[Aim of the exercise] Could the lines from the line bearing "Kraftig armatur med" to the end of the records below be copied exactly, with the pictures left out and no other lines added?

== Data provided

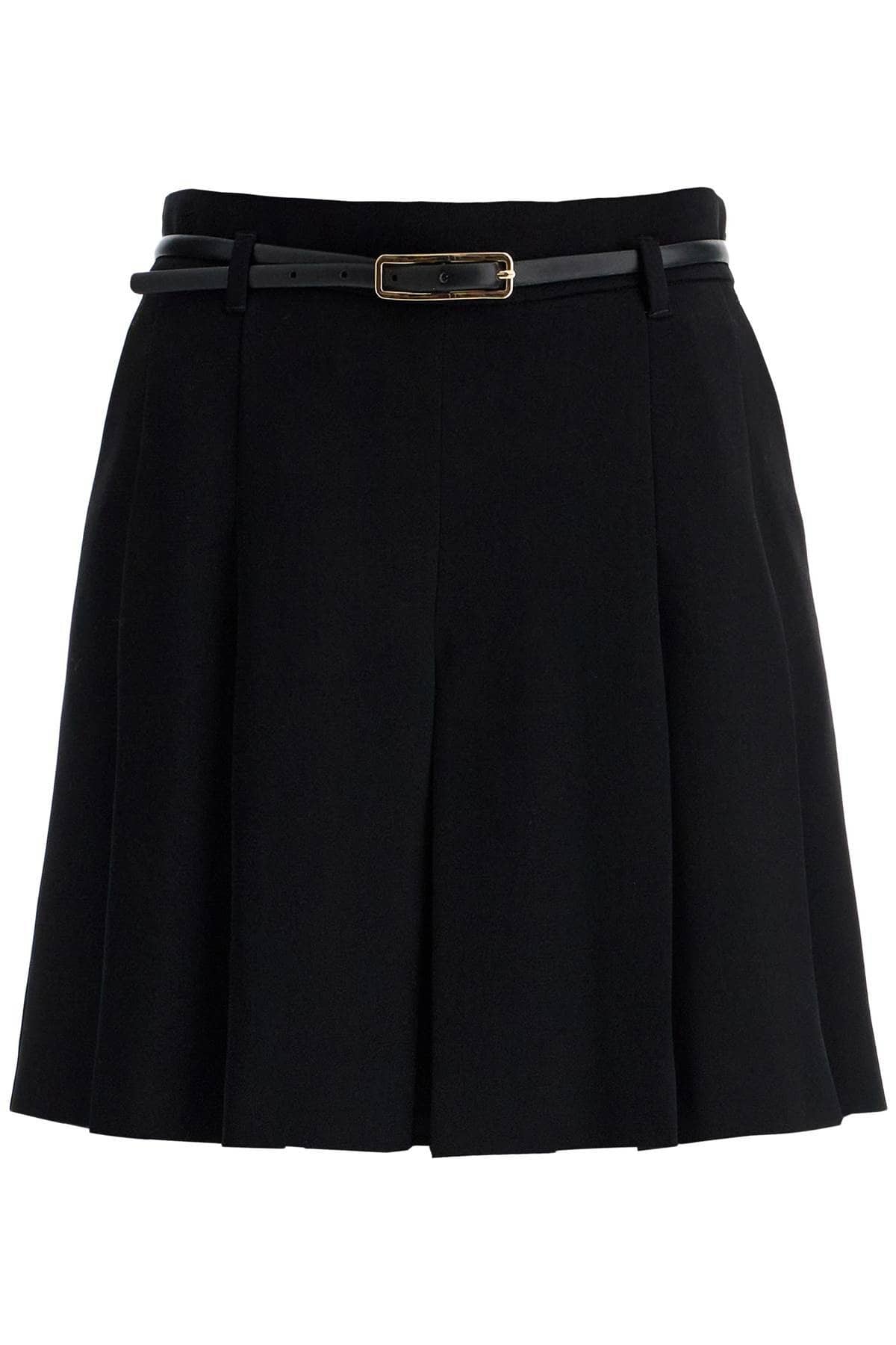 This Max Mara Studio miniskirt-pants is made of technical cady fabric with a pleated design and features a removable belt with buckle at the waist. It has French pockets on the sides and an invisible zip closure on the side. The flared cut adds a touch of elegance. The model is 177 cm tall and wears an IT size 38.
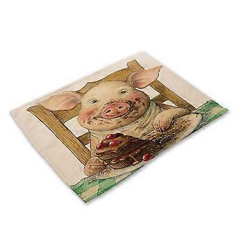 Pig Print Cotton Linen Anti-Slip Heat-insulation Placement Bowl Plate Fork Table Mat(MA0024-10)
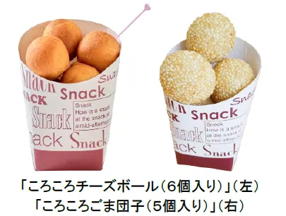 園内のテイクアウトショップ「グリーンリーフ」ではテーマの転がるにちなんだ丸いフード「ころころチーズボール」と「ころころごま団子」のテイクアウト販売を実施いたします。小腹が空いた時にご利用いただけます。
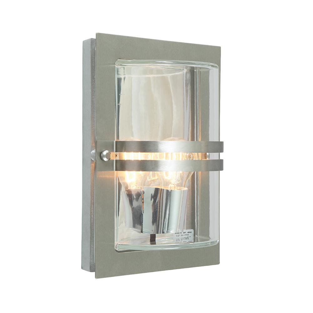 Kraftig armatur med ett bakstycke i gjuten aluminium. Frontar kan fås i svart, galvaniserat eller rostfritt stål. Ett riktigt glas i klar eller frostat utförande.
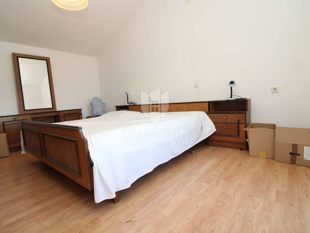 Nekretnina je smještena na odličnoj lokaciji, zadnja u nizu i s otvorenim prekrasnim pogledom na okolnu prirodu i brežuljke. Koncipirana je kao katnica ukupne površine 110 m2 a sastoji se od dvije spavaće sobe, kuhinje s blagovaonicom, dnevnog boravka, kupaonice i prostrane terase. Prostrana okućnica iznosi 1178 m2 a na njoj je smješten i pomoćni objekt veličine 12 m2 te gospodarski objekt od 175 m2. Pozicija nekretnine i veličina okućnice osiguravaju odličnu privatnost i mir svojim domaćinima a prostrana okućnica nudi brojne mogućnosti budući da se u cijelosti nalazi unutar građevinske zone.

====

[Answer to this exercise]
 Kraftig armatur med ett bakstycke i gjuten aluminium. Frontar kan fås i svart, galvaniserat eller rostfritt stål. Ett riktigt glas i klar eller frostat utförande.
 Nekretnina je smještena na odličnoj lokaciji, zadnja u nizu i s otvorenim prekrasnim pogledom na okolnu prirodu i brežuljke. Koncipirana je kao katnica ukupne površine 110 m2 a sastoji se od dvije spavaće sobe, kuhinje s blagovaonicom, dnevnog boravka, kupaonice i prostrane terase. Prostrana okućnica iznosi 1178 m2 a na njoj je smješten i pomoćni objekt veličine 12 m2 te gospodarski objekt od 175 m2. Pozicija nekretnine i veličina okućnice osiguravaju odličnu privatnost i mir svojim domaćinima a prostrana okućnica nudi brojne mogućnosti budući da se u cijelosti nalazi unutar građevinske zone.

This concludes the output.